== Segment start ==

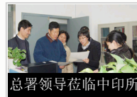
总署领导莅临中印所
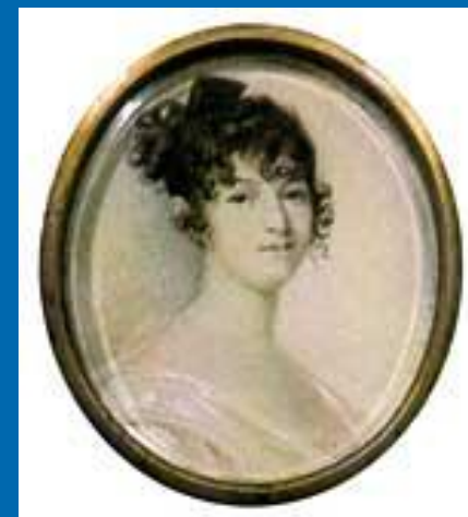
Мать, Надежда Осиповна Пушкина (1775-1836г.)
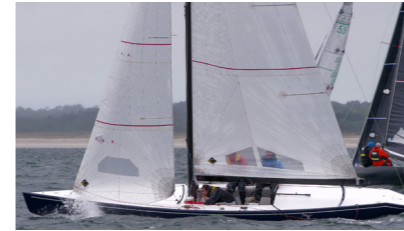
AUGUSTE IER 5.5 m JI JAUEN Gurvan
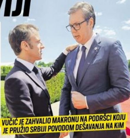
VUČIĆ JE ZAHVALIO MAKRONU NA PODRŠCI KOJU JE PRUŽIO SRBIJI POVODOM DEŠAVANJA NA KIM
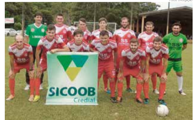
Internacional de Linha Fuzil tem o melhor ataque
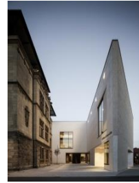
3_Altbau und Spitze
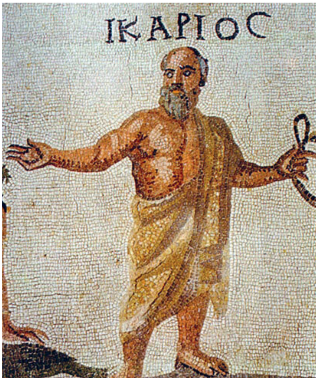
Икарий. Дом Диониса, конец II века н. э. Археологический парк Пафоса
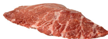
IBQ15242 伊比利豬肩胛肉 需預訂 Iberian Flat Iron "PRESA" 規格 約600g/包
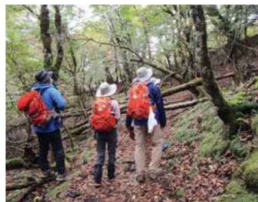
遊歩道をふさぐ倒木
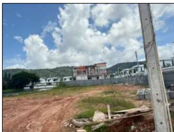
พื้นที่จัดสรรในส่วนที่ 2 (ปรับพื้นที่)
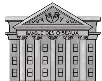
la BANQUE DES OISEAUX
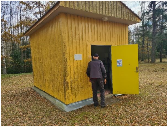
Atdzelžošanas stacija Pārupes
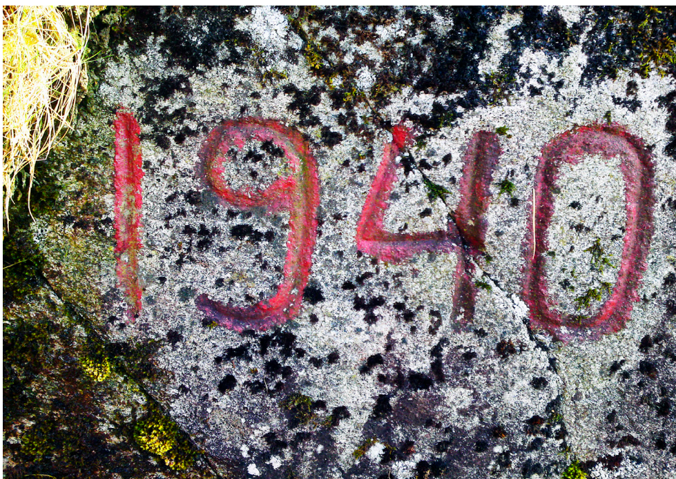
Da arbeidet med utbedring og omlegging av stolsveien gikk mot slutten våren 1940, bogg Dagfinn Haaland inn dette årstallet som et minne over arbeidet som nå var ferdig. Tallene står i en loddrett bergvegg like innenfor Urbekke. Foto 2016.
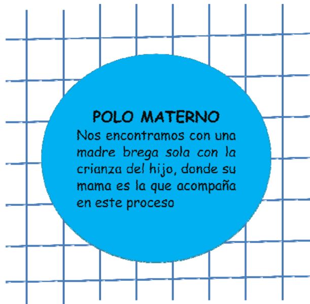
Gráfico nº 07
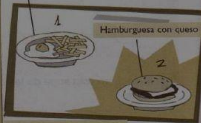
Filete de ternera con patatas
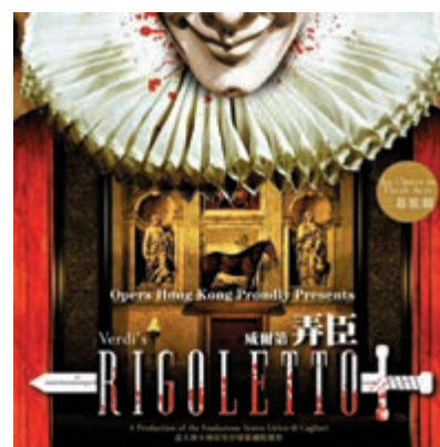
香港歌劇院將呈獻威爾第《弄臣》
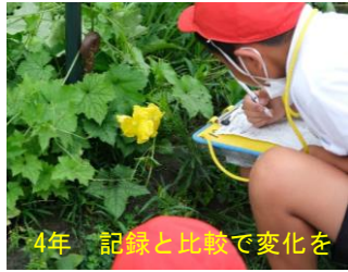
4年 記録と比較で変化を

1学期間、子供たちは一生懸命に頑張りました。人とつながり気持ちを交わすこと、これまで感じたことのない感覚や喜びを得ること、自分や学校生活を見つめ望ましいと思うことを頑張ることなど、様々なことに頑張る1学期となりました。本当に立派でした。
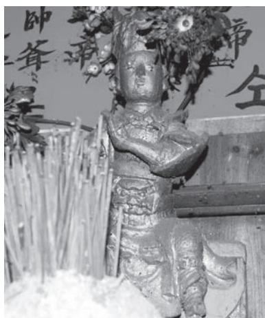
▲図版 46 天王
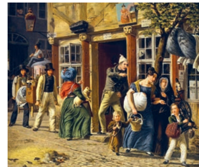
Wilhelm Marstrand, En flyttedagsscene , 1831
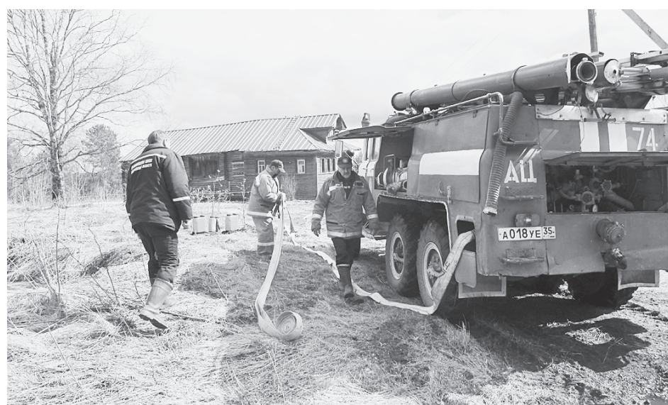
Фото из архива отдела.
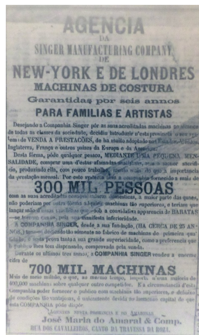
Imagem 5 – A Província do Pará, 25 mar. 1876, n. 1, p. 4
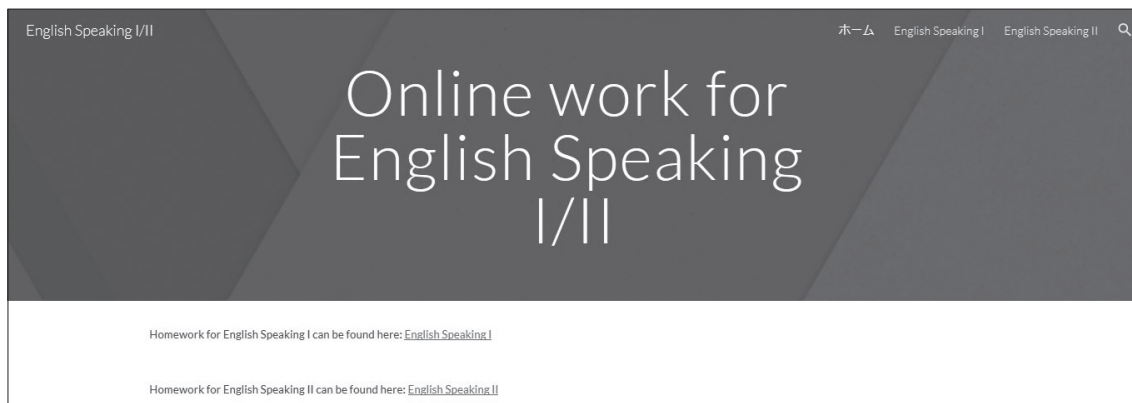
図 3：Google Sites で作成した簡易的ウェブページ（フロントページ）
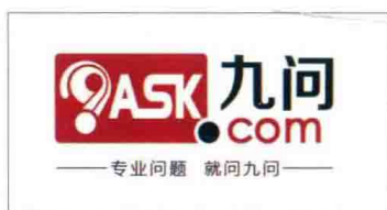
△高度强于 2006 年创办九问网
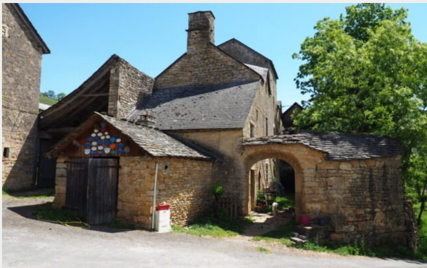
Un des hameaux sur le Truc de Saint-Bonnet
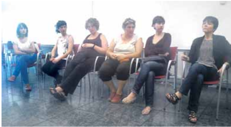
Saioan parte hartu zutenetako batzuk. UTZITAKOIA

Prietok azaldu digunez, saioetan parte hartu zuten langabetu gehienek 22 eta 44 urte bitartean zituz-
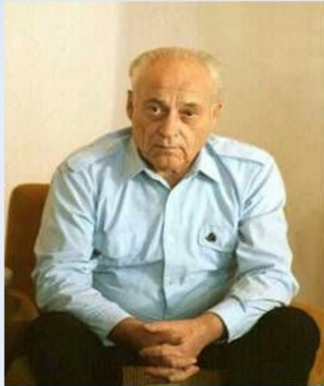
Рыбаков(Аронов) Анатолий Наумович (14.01.1911-23.12.1998)
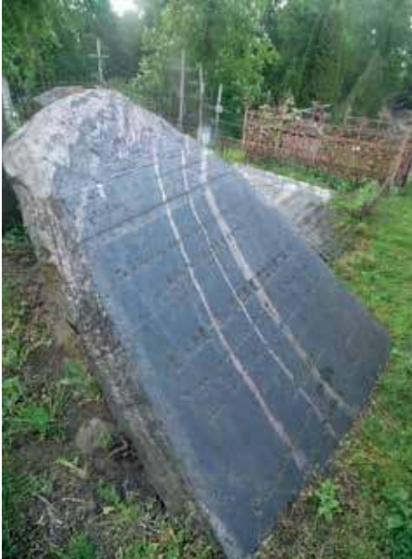
11. Juozapo Horbacevičiaus antkapinis paminklas.

Jurgitos Kristinos Pačkauskienės nuotr., 2020
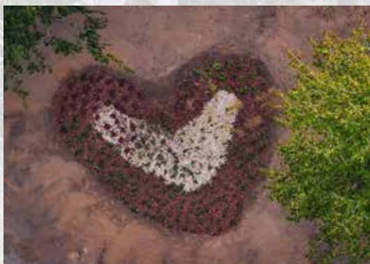
Szív alakú esőkert a Tomory kertjében

Nyílt napon mutatták be a Tomory Lajos Múzeum kertjében épített 34 négyzetméteres esőkertet, amellyel heves esőzésnél a Bókay-kertből a kertkapun át bezúduló esővizet kívánják helyben a talajba szikkasztani, miközben hosszú távon megtartják a nedvességet a növényzet számára.
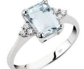
Art. AME860-3 Anello AM ct. 1.30 Diam. ct.0,09 Gold 18 kt. gr. 2,35
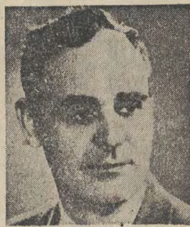
Prezes Rady Ministrów Rumuńskiej Republiki Ludowej GHEORGHIU-DEJA

W rządzie tych oddziałów ZPB im. F. Dzierżyńskiego, które wykonały już swój roczny plan, stanęła w dniu 29 grudnia, obok tkalni i wykończalni, także i przedziałnia średnio-przednia. Tym samym więc zakłady mogły złożyć w tym dniu zaszczytny meldunek o całkowitej realizacji planu na rok 1952.
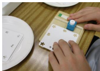
↑ファンファンより
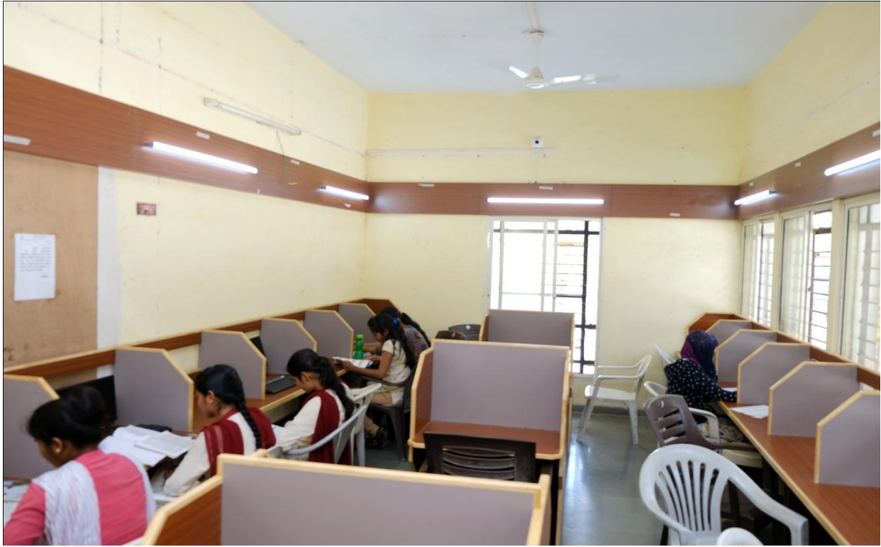
In Library Reading Room
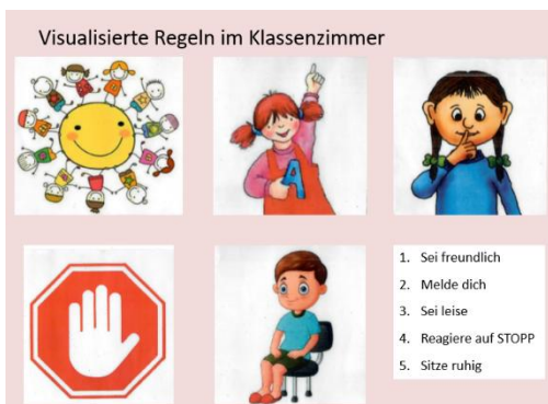
Abb. 4: Visualisierte, nonverbale Regeln, welche im Klassenzimmer aufgehängt den SuS als Erinnerungsanker dienen.
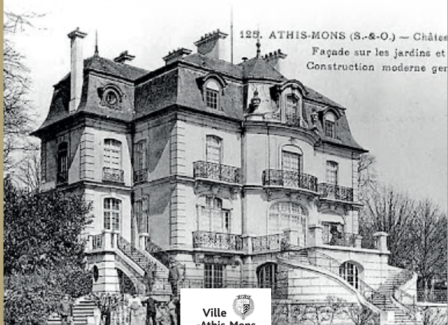
125. ATHIS-MONS (S.-&O.) — Châten Façade sur les jardins et Construction moderne ger
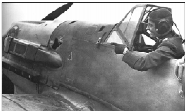
Обер-фенрих Марсель после боевого вылета. Впереди на борту около капота двигателя видна пробоина.
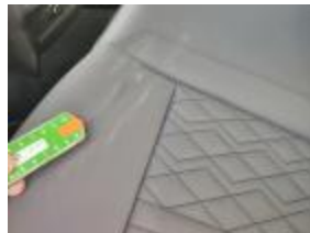
Puerta Delant Iz
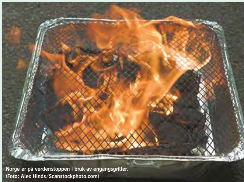
Norge er på verdenstoppen i bruk av engangsgriller.

Regjeringen gir 100 millioner kroner ekstra til kollektivtrafikk. Pengene skal kompensere for den økte oljeprisen, og sikre at ikke prisene på buss og båt øker tilsvarende.
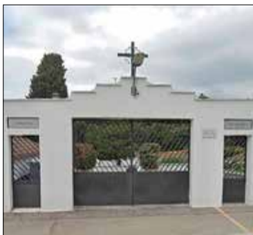
Cementiri de Cunit.
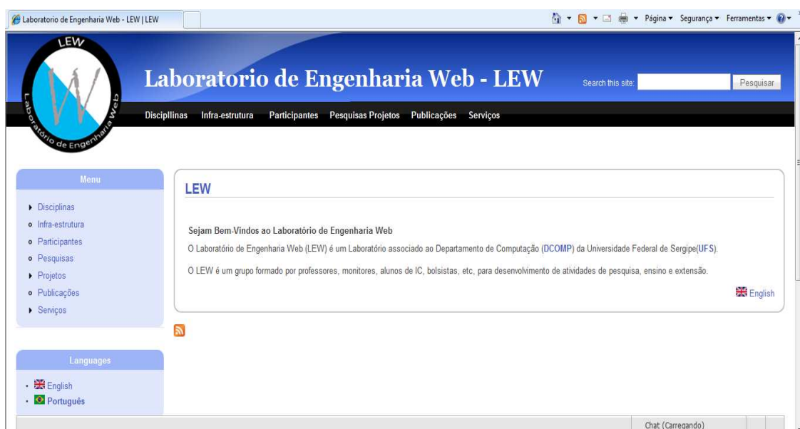
Figura 1: página inicial do portal LEW

Conforme observado na Figura 1, um usuário cadastrado pode acessar os serviços e conteúdos de projetos e disciplinas através do menu . Além disso, nessa figura é possível ver que os usuários online no site podem utilizar o bate-papo, localizado no canto inferior direito, para conversar.
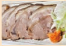
紅茶で蒸込んでやわらかい「紅茶いのしし」
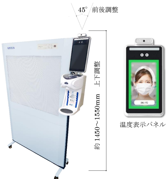
写真は ACP-897AHK-O です。

温度検知と手指消毒を非接触にて行える機能と、 背面にホワイトボードを配置しており、 特にエントランスやロビー等でのご利用に適しています。
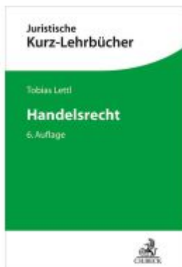
Handelsrecht Ladenpreis: 35,90EUR
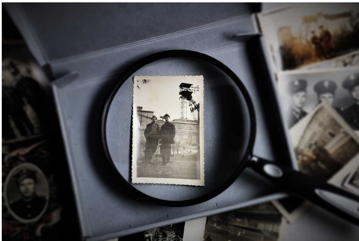
6 w tle szyb kopalni Jowisz 1956 r.IMG_3437
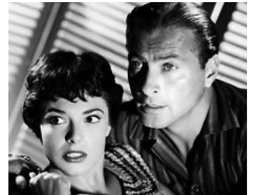
1957 LA FILLE AUX BAS NOIRS (The Girl in Black Stockings) d'Howard Koch avec Lex Barker

== Segment end ==

> [WHAT THIS TASK INVOLVES]: For this task, give again exactly the lines from the line with "Conforme observado na" through the end of the entries, including both ends, and omit the pictures.

> [PROBLEM SOLUTION]:
Conforme observado na Figura 1, um usuário cadastrado pode acessar os serviços e conteúdos de projetos e disciplinas através do menu . Além disso, nessa figura é possível ver que os usuários online no site podem utilizar o bate-papo, localizado no canto inferior direito, para conversar.
紅茶で蒸込んでやわらかい「紅茶いのしし」
写真は ACP-897AHK-O です。

温度検知と手指消毒を非接触にて行える機能と、 背面にホワイトボードを配置しており、 特にエントランスやロビー等でのご利用に適しています。
Handelsrecht Ladenpreis: 35,90EUR
6 w tle szyb kopalni Jowisz 1956 r.IMG_3437
1957 LA FILLE AUX BAS NOIRS (The Girl in Black Stockings) d'Howard Koch avec Lex Barker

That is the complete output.